The next panel was on vaccines and science denial.
This time I thought maybe colored pencils would bring a certain something. I only had a few colors on me.
- Different people have different reasons for vaccinating (or not). – The hard-core anti-vaccine activists who, despite all evidence, still believe that vaccines cause autism, are rare. But there are plenty of other people who have various worries and suspicions about vaccines.
- “Herd immunity” is not a great word. “Community protection is better.” – “Herd immunity” is the concept that if a lot of people are protected against a disease, it’s hard for that disease to bounce around in the population. He’s right, it’s not the most attractive term.
- There’s a measles epidemic in Somalia. We should be vaccinating.
The third panel was on cancer immunotherapy. Apparently this is the hot area of cancer research these days. It’s about getting the patient’s own immune system to attack cancer cells.

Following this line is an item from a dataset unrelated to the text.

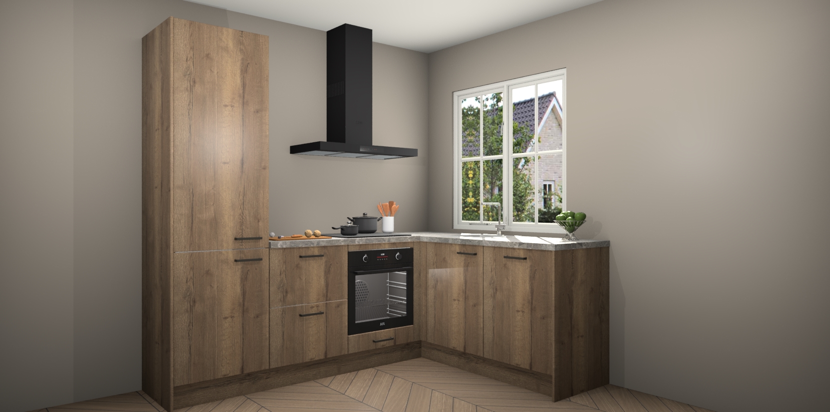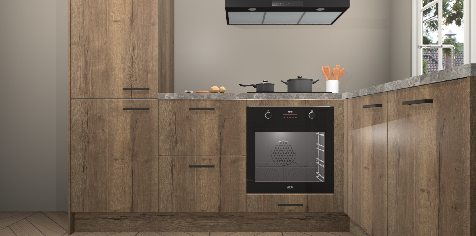 Met de Chocolade Eiken keuken Linz krijgt u 5 op maat gemaakte apparaten: een oven, inductiekookplaat, afzuigkap, vaatwasser en koelkast die na bestelling makkelijk worden geüpgraded naar AEG-producten. Met de zacht sluitende deuren, bent u verzekerd van eenvoudige bediening in stilte. Het kastmeubilair wordt alvast pre-assemblage geleverd waardoor u sneller met het installeren begint. Ook zijn alle deuren voorzien van softclose zodat er geen sporen op de lade blijven als u ze dicht doet. Bovendien hoeft u bij ons geen twijfels of verassingen te hebben: we hebben een vaste lage prijs waardoor u weet wat u mag verwachten bij elke bestelling.

What I took away from this panel: Seems like a promising area; some of these already exist and are available, for certain cancers; and oh golly there’s a lot more to learn.

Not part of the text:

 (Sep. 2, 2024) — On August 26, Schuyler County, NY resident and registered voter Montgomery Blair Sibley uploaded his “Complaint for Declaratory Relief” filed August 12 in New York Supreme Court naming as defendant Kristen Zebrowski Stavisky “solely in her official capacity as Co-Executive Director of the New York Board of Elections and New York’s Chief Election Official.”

It was mid-afternoon and I was getting a little loopy. And cartoony. I’m a little afraid that some panelist or moderator will stumble across this blog post and be insulted by how bad they look. To them I apologize: It’s not you. You’re beautiful. I’m just terrible at drawing people.

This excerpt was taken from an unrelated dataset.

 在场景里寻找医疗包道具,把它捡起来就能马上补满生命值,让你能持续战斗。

- NCI-MATCH trial will help. – NCI-MATCH is a huge clinical trial that is trying to match drugs to people based on the genetics of the tumor. Read more from the National Cancer Institute (NCI).
- The hope is to be able to treat patients for a while and get a long-term response. – With immunotherapy, you should be able treat a person for a few months to teach their immune system what the cancer looks like, then stop treatment–and, much later, the immune system will still know that it’s supposed to attack those cancer cells. She hopes.
- The human body has the ability to rid itself of cancer if we [do a complicated thing]. – I didn’t capture the exact complicated thing he was talking about, but it sounded like a pretty big “if.”
The final panel of the day was supposed to be about how research is funded but was still mostly about cancer immunotherapy, I think. It was the end of the day. My attention had largely run out. I was tired of drawing people in chairs. Also, I know the moderator and didn’t want to do a terrible drawing of her. So instead I made her into a papaya.
- Grapes: Investors want to know what you’re going to use their investment for—academia does research better than small companies.
- Tomato: For any clinical trial, you need firm endpoints to show patient benefit. – Endpoints are what you measure in a clinical trial. Like, if you’re trying to get the FDA to let you market a new drug for high blood pressure, one of your endpoints should probably be decreased blood pressure. (Just spitballing here. I’ve never actually tried to get approval for a new antihypertension drug.)
- We measure the durability of the response in years, not months. – This is that point about immunotherapy again, that people should theoretically stay cancer-free for a pretty long time after they stop treatment.
It was a good day. I learned some things. And you get to look at fruits in chairs.
Art: Helen Fields. 100% Helen Fields.